The traditional compliance market is undergoing rapid transformation as enterprises seek to reduce the $50,000-$100,000 cost and year-plus timeframe of manual SOC 2 audits. Thoropass's platform claims to eliminate 80% of compliance overhead, suggesting significant market penetration potential as more companies adopt automated solutions.

Thoropass's extensive integrations with SaaS tools and cloud providers position it to expand beyond compliance into broader cybersecurity services. The company's AI capabilities and existing security monitoring infrastructure could be leveraged to offer threat detection, vulnerability management, and security operations services.

The company's compliance data collection and management capabilities create natural expansion opportunities into data governance and privacy management. As regulations like GDPR and CCPA evolve, Thoropass could expand its platform to provide comprehensive data lifecycle management, privacy compliance automation, and third-party risk management solutions.
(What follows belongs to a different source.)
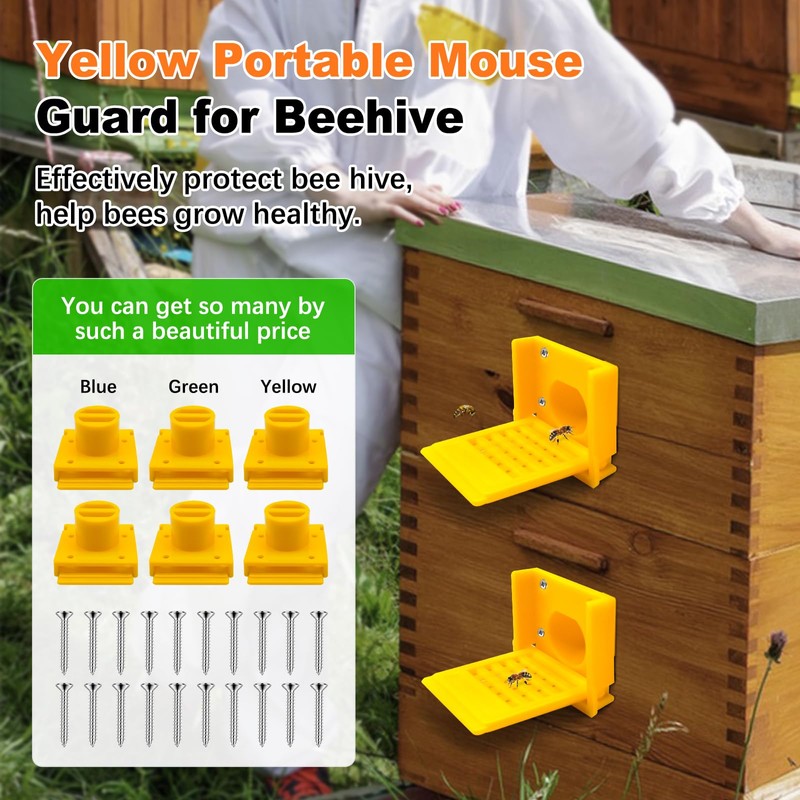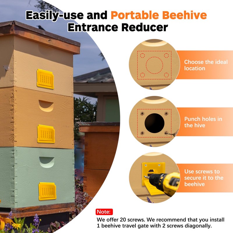 - Essential Beekeeping Supplies and Tools: For one such beautiful price, you can get up to 6 square bee hive entrance reducers, convenient for you to use and replace for multiple hives. For your convenience, we also give you 1 pack (20pcs) of mounting screws for easy installation. (We recommend 2 screws for a single bee hive entrance reducer, diagonal installation is sufficient) We sincerely wish you more and more full peak colonies and larger beekeeping scale
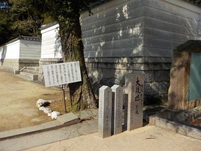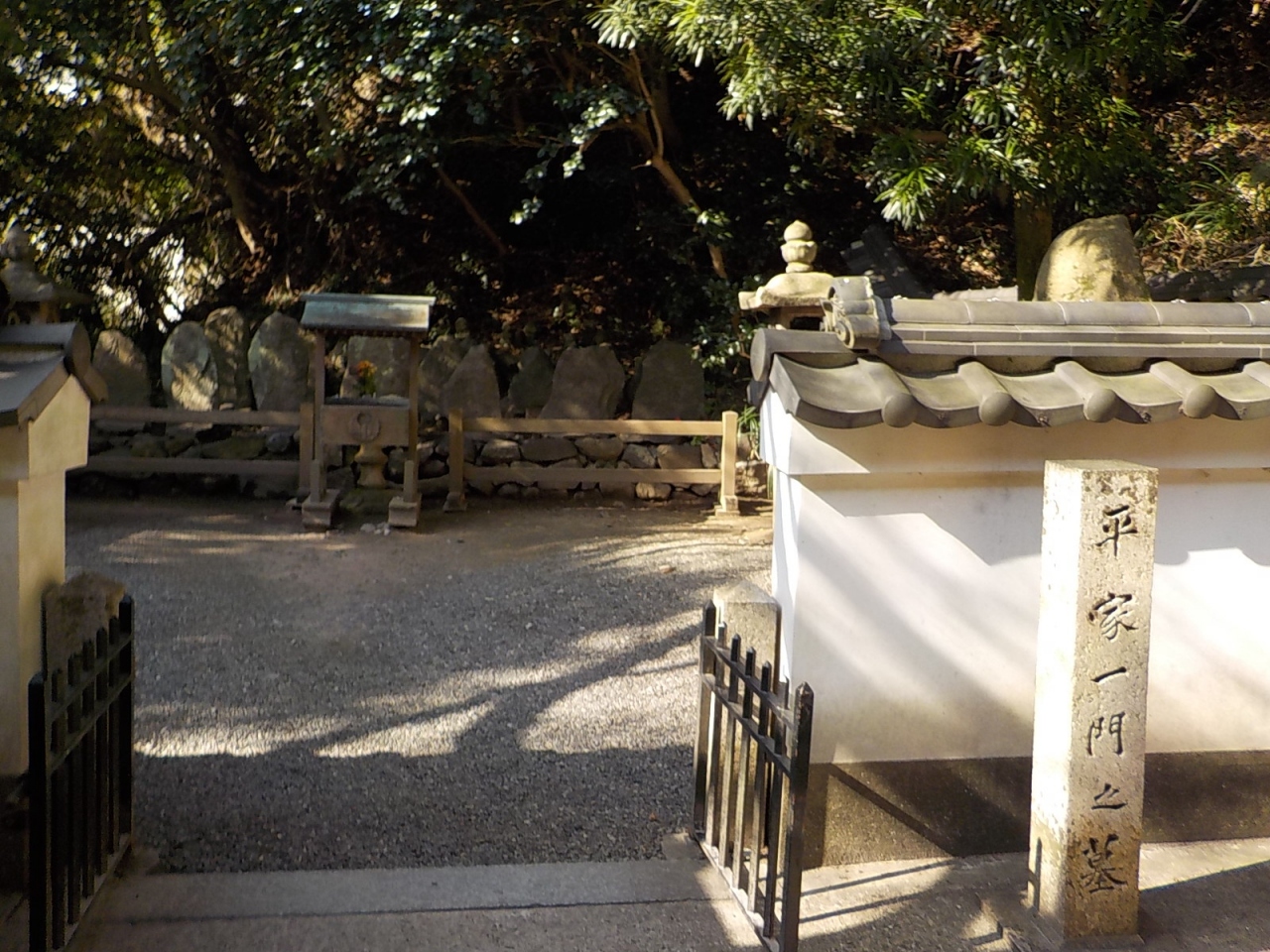 赤間神宮のすぐ西隣りにある安徳天皇阿弥陀寺御陵は、西日本にただ一つある御陵です。御陵は円墳のようで玉垣や土塀などで囲まれてほとんど何も見えません。壇ノ浦の戦いで平家が敗れることを覚悟したときに二位の尼に抱かれ、8歳の幼帝は入水され崩御されました。

With its growing user base of 100,000+ users and 1,000+ annual assessments, Thoropass has the foundation to evolve into a comprehensive enterprise security platform. The company's integrated audit firm model provides unique insights into security requirements across industries, enabling development of industry-specific security solutions and risk management tools.

Auditor independence tension: The dual role of providing both compliance software and audit services creates potential conflicts of interest. While positioning as an end-to-end solution is attractive, this hybrid model could face increased regulatory scrutiny or market skepticism. The company may need to maintain strict operational separation between its software and audit divisions to maintain credibility.

High-touch service scalability: Thoropass's differentiation through human expertise and personalized support could limit growth potential. The reliance on in-house compliance experts and auditors means the business may not achieve pure SaaS margins. As the company grows, maintaining service quality while scaling the human component will be challenging.